"Never try to teach a pig to sing ... it wastes your time and annoys the pig."I've also seen that quotation ascribed to Mark Twain, and I think it's likely that Heinlein got it from Twain; he often expressed his admiration for the old man, even made him a character in one of his early stories, though he preferred not to think too much about Twain's fierce anti-imperialism and anti-racism.
My voice teacher had this quote by Robert Heinlein on a sign in her studio.
I might have liked Heinlein's maxim when I was in high school, and a lot more unsure of myself and my place in the world. But now I think it's evil. Seriously. And why? Because not many people try to teach a pig to sing; the quotation is meant to apply to human beings, and it assumes that you know in advance who the pig is. I'd like to think this is too obvious to say, but in reality you don't know that. By the time someone has shown their inability or refusal to learn from you, you've already broken the maxim.
Surfing over the Internet, I've been surprised to see how many different ways this adage has been interpreted. Maybe I'm taking it too literally. In the HuffPost article above, I couldn't figure out why the author included it. To one writer it means that "there are times when you just can't reach certain people. You can shout 'til you're blue in the face, but that pig is never going to sing!" To one self-styled skeptic it means that there exists "a strange race of people who believe in angels but not in germs ... a carnival freak show of intellectual, rather than physical anomalies ... [who] almost destroyed my faith [!] in human reason. ... I tried to understand them, but I failed." Who is the "pig" in that example -- the incomprehensible people, or the one who failed to comprehend them? Several writers interpreted after the fact: the people you were trying to reach weren't interested in learning, ergo you were trying to teach a pig to sing. I suspect that most often it's an after-the-fact, ass-covering, sour-grapes excuse for one's own failure. As Xeroxlore in hierarchical organizations, it's popular among lower-level flacks who've been assigned jobs they want to claim were impossible to begin with; and often enough they may be right. But the maxim turned up, described as "silly" and "just for fun," on this page of inspirational Quotations About Teachers and Learning, which I find disturbing.
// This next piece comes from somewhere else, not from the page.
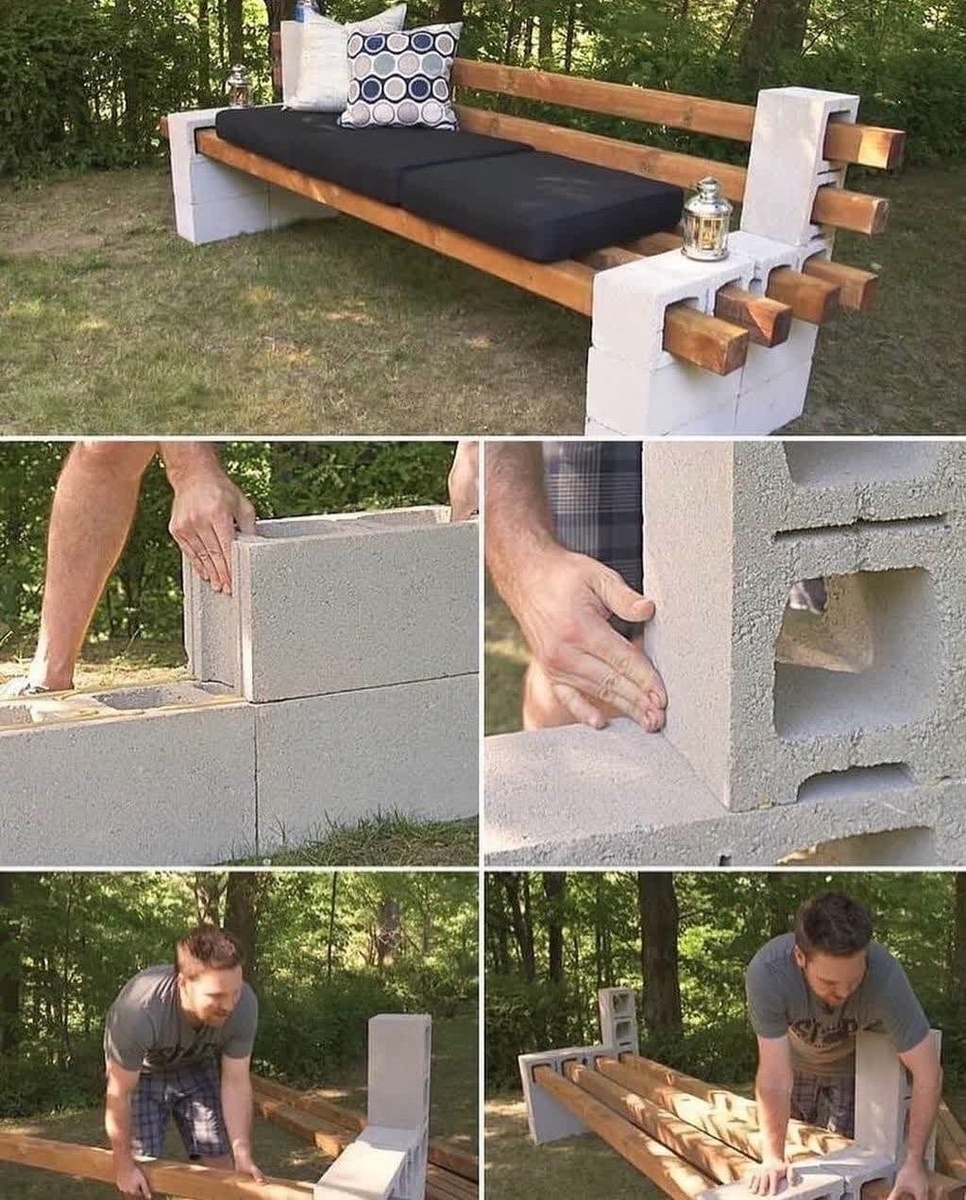 Простая скамейка своими руками из блоков👌 Как вам идея?

Herbert Kohl, the teacher and writer, once wrote an article called "I Won't Learn from You: Thoughts on the Role of Assent in Learning", about some reasons why some people refuse to learn things that someone else things they have to learn. In many cases that might be reason enough right there: someone is trying to impose his or her will on you, without regard for your interests or even your needs. Kohl believed "that such not-learning is often and disastrously mistaken for failure to learn or the inability to learn." Rather than engage other people's wishes, interests, and needs, how comforting to dismiss them as mere pigs who shouldn't have been allowed into your classroom in the first place.